Shawn Long (born January 29, 1993) is an American professional basketball player for Levanga Hokkaido of the Japanese B.League. He played college basketball for the University of Louisiana at Lafayette and represented the United States at the 2015 Pan American Games in Toronto.

High school career
Long attended Morgan City High School under Jeremy Whittington. As a senior, he averaged 21.4 points, 15.2 rebounds and 9.1 blocks, helping team to a 26–5 record. He was named district MVP, earned first team all-district honors for two straight year and was the district defensive player of the year as a senior.

College career
Long originally enrolled at Mississippi State University of the Southeastern Conference, but became immediately unhappy with his choice. After the first semester, and without playing in any games, Long transferred to Louisiana–Lafayette and received an NCAA waiver to allow him to play the following season without sitting out the customary full year.
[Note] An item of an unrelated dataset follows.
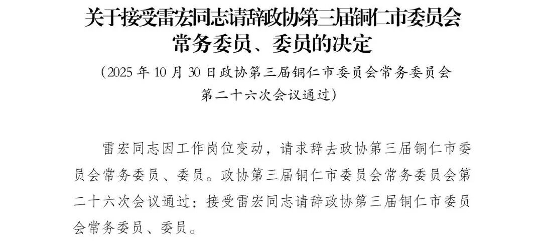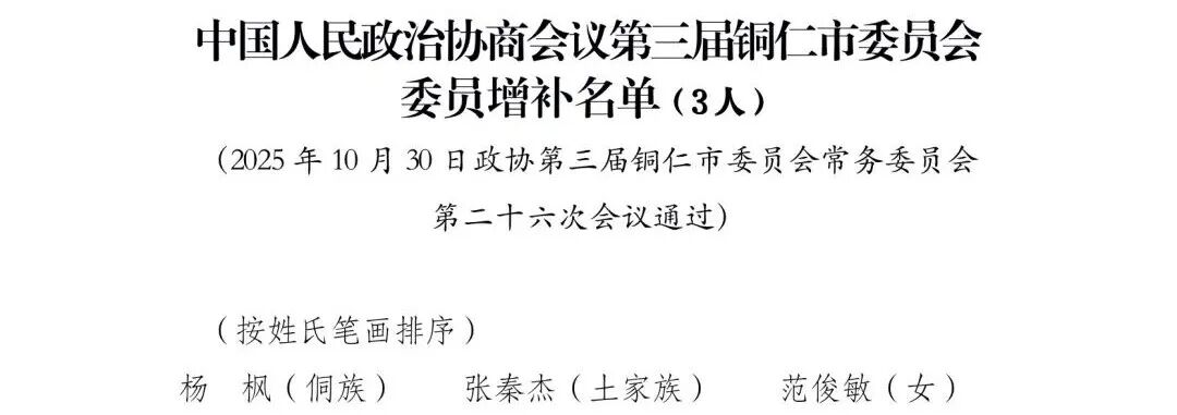 市政协三届常委会第二十六次会议审议通过有关人事事项
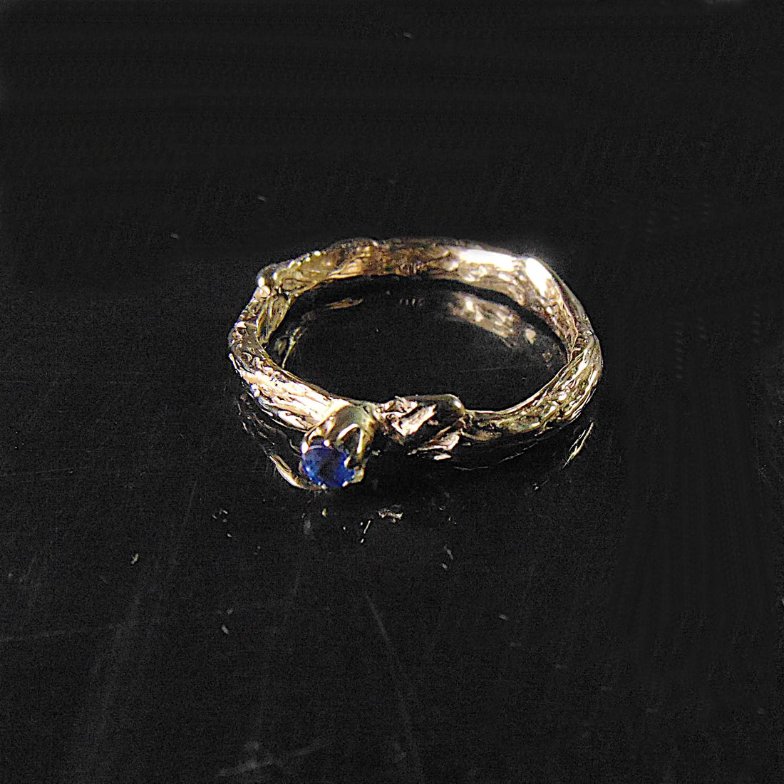 Złoty pierścionek z szafirem inspirowany naturą, ręcznie wykonany w złocie 585.

Long first suited up for the Ragin' Cajuns in the 2012–13 season, averaging 15.5 points and 10.2 rebounds per game to earn Sun Belt Conference Freshman of the Year and second-team All-conference honors. Over his next two seasons, Long would again average a double-double and was named first-team All-Sun Belt both years.

For his senior season, Long was named the preseason Sun Belt Player of the Year. On January 23, 2016, in a game against the Troy Trojans, Long scored his 2,000th point and became the first player in school and conference history to record 2,000 points and 1,000 rebounds for his career. He was also selected for the National Association of Basketball Coaches (NABC) college All-Star game to be held at the 2016 Final Four in Houston.

Professional career

Delaware and Philadelphia (2016–2017)
After going undrafted in the 2016 NBA draft, Long signed with the Philadelphia 76ers on July 8, 2016. He was waived by the 76ers on October 24 after appearing in seven preseason games. Five days later, he was acquired by the Delaware 87ers of the NBA Development League as an affiliate player of the 76ers. On January 6, 2017, Long had 45 points and 14 rebounds in a 129–105 win over the Erie BayHawks. He was selected to play in the 2017 NBA D-League All-Star Game. On March 6, 2017, he was called up by the 76ers, who signed him to a 10-day contract to help the team deal with numerous injuries. Philadelphia had to use an NBA hardship exemption in order to sign him as he made their roster stand at 16, one over the allowed limited of 15. He made his NBA debut that night, recording 13 points and seven rebounds in a 112–98 loss to the Milwaukee Bucks. On March 16, 2017, he signed a partially guaranteed, multiyear deal with the 76ers. Seven days later, in a 117–107 win over the Chicago Bulls, Long had 18 points in just his ninth career game.

On June 28, 2017, Long was traded to the Houston Rockets in exchange for a 2018 second-round pick and cash considerations. He was waived by the Rockets on September 26, 2017.

China and G League (2017–2018)
On October 10, 2017, Long signed a two-month contract with the Xinjiang Flying Tigers of the Chinese Basketball Association. He left the team in mid-November after averaging 12.7 points and 6.1 rebounds in seven games.

On December 18, 2017, Long was acquired by the Delaware 87ers of the NBA G League.

New Zealand Breakers and Guizhou Guwutang Tea (2018–2019)
On September 5, 2018, Long signed with the New Zealand Breakers for the 2018–19 NBL season. He averaged 18.3 points, 8.9 rebounds and 1.5 blocks per game and was named to the All-NBL Second Team.

In May 2019, Long had a one-game stint with Guizhou Guwutang Tea of the Chinese NBL.

Melbourne United (2019–2020)
On May 30, 2019, Long signed with Melbourne United for the 2019–20 NBL season.

Ulsan Mobis Phoebus (2020–2021)
On June 16, 2020, Long signed with Ulsan Mobis Phoebus of the Korean Basketball League (KBL). He averaged 21.3 points and 10.9 rebounds per game, ranking No. 1 in both scoring and rebounding. He was subsequently named the KBL's Foreign MVP for the 2020–21 season.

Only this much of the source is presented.